EXERCISE DETAILS: From the top of the records below, return each line exactly, ending with the line that contains "冬季新款堆堆领撞色条纹针织套".

====

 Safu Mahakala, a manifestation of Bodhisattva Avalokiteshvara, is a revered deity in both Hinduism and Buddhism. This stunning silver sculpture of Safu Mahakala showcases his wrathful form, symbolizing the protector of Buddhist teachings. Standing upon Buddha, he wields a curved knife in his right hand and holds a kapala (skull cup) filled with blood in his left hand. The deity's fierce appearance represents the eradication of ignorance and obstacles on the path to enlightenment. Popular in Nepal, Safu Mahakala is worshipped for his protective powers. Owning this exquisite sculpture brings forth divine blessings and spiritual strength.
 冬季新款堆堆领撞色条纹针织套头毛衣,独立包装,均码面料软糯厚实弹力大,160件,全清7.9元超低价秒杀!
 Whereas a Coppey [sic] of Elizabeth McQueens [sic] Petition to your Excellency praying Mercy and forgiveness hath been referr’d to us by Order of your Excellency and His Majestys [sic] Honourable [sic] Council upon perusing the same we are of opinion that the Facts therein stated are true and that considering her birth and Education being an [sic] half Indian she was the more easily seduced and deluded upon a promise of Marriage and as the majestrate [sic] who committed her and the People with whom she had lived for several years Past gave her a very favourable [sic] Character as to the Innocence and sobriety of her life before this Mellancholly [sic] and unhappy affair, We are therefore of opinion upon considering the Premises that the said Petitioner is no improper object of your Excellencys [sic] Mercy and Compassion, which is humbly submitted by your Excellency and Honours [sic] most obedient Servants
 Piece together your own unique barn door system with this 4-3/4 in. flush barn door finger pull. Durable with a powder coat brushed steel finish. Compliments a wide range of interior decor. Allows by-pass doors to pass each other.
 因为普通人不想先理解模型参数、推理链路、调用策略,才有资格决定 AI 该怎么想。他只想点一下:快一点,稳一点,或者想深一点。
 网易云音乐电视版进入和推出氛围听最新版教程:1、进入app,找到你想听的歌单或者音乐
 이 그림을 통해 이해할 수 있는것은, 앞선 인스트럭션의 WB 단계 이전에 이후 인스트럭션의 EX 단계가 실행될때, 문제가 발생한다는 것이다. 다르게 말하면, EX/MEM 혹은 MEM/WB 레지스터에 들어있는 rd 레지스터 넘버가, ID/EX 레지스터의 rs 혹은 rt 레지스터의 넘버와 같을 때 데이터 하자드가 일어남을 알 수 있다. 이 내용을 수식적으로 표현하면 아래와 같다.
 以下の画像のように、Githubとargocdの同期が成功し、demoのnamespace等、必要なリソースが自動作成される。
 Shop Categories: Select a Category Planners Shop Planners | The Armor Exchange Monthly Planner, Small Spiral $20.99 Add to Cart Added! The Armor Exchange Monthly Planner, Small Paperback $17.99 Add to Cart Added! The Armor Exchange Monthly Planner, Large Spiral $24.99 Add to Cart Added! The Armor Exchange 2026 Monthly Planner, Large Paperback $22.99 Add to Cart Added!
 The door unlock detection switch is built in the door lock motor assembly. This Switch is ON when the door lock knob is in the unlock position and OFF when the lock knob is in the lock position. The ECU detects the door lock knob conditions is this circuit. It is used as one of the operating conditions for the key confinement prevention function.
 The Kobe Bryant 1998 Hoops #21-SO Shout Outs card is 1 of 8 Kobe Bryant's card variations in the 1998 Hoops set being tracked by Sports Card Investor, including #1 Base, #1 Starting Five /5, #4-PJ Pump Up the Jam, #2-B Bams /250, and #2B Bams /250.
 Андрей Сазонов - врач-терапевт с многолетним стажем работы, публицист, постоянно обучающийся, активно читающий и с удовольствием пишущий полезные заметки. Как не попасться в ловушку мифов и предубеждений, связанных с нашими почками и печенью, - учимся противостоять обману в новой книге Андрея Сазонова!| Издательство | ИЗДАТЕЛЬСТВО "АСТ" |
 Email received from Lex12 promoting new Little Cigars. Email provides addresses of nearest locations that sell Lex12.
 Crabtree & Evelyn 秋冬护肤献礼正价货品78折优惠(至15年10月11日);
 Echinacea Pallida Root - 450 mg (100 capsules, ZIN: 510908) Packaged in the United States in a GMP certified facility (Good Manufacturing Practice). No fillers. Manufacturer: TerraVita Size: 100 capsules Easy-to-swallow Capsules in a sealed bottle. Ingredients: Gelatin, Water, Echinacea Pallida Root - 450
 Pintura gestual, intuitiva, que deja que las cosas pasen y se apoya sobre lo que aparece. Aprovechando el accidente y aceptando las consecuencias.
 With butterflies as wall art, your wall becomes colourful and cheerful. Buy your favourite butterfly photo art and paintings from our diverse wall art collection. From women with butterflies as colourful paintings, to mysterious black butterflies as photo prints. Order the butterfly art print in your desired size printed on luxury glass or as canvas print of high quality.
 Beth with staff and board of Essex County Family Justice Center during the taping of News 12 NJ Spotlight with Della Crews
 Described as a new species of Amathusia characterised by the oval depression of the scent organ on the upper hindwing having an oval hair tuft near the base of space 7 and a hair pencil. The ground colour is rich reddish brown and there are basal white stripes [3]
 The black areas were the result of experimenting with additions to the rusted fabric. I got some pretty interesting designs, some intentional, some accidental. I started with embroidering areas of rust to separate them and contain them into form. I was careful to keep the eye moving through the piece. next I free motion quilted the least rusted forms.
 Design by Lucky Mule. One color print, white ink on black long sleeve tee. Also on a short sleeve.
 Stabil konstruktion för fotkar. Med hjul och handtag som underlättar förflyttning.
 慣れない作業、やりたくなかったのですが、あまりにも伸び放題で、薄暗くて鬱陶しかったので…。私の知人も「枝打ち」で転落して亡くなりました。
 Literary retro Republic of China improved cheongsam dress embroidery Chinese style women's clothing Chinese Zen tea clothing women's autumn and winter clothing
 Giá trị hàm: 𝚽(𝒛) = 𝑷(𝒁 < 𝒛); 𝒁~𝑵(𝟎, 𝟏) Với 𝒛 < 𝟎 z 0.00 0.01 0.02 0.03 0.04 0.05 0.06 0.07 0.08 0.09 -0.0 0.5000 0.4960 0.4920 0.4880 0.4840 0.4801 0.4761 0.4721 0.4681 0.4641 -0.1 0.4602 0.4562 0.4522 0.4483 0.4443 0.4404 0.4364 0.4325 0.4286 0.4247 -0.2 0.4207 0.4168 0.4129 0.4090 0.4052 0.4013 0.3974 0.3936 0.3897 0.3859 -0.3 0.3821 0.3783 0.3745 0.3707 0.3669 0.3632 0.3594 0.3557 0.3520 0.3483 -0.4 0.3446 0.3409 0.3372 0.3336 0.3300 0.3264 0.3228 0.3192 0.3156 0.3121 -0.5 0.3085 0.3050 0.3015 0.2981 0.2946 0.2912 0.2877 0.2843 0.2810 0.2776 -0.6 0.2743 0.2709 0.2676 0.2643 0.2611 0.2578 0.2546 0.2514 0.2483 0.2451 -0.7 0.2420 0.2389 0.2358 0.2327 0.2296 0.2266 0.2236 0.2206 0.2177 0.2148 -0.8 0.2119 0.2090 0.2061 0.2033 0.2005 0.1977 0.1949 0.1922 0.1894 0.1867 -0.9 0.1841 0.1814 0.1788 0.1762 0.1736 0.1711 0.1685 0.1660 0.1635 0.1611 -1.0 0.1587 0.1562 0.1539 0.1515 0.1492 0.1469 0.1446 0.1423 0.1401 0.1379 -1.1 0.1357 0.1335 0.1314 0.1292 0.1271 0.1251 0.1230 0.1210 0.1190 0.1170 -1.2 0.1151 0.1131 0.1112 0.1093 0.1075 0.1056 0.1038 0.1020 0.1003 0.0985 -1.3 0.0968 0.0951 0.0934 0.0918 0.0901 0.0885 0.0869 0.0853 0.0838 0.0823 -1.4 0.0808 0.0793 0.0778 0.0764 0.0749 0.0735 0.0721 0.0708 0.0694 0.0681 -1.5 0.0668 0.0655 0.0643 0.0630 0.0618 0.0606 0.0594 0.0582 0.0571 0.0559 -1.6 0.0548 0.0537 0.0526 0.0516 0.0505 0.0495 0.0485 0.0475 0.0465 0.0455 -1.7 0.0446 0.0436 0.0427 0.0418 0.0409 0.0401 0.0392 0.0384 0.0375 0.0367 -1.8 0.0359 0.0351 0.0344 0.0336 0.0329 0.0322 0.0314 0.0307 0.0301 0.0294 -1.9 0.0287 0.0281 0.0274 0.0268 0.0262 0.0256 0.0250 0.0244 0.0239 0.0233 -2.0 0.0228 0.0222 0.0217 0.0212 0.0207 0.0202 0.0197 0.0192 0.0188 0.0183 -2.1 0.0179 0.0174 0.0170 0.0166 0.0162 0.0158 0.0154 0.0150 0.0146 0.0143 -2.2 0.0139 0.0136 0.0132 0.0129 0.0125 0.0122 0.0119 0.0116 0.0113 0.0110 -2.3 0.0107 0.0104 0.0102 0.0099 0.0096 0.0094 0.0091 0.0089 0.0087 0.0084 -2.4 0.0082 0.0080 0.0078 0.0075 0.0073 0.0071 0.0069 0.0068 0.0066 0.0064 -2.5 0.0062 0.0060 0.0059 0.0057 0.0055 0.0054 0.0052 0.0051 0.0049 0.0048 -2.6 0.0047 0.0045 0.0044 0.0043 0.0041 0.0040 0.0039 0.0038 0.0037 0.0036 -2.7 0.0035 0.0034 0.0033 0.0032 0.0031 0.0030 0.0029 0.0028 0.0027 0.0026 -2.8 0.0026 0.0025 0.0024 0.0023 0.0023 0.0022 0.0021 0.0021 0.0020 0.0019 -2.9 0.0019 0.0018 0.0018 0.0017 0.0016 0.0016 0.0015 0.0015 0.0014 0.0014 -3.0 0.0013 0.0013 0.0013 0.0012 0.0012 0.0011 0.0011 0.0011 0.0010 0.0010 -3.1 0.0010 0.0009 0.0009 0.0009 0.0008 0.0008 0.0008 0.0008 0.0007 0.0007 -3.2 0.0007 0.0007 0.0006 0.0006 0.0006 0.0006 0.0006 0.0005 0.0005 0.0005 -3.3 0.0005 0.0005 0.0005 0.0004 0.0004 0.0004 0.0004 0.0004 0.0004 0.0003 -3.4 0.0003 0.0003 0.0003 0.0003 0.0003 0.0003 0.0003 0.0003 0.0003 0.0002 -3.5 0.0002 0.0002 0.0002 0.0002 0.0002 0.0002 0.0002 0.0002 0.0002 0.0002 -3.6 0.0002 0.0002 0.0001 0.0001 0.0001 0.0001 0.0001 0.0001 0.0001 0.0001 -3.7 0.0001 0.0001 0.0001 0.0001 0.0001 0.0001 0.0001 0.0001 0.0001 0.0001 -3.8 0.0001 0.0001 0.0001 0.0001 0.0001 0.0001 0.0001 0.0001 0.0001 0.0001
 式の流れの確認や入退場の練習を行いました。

====

RESPONSE TO THIS TASK:
 Safu Mahakala, a manifestation of Bodhisattva Avalokiteshvara, is a revered deity in both Hinduism and Buddhism. This stunning silver sculpture of Safu Mahakala showcases his wrathful form, symbolizing the protector of Buddhist teachings. Standing upon Buddha, he wields a curved knife in his right hand and holds a kapala (skull cup) filled with blood in his left hand. The deity's fierce appearance represents the eradication of ignorance and obstacles on the path to enlightenment. Popular in Nepal, Safu Mahakala is worshipped for his protective powers. Owning this exquisite sculpture brings forth divine blessings and spiritual strength.
 冬季新款堆堆领撞色条纹针织套头毛衣,独立包装,均码面料软糯厚实弹力大,160件,全清7.9元超低价秒杀!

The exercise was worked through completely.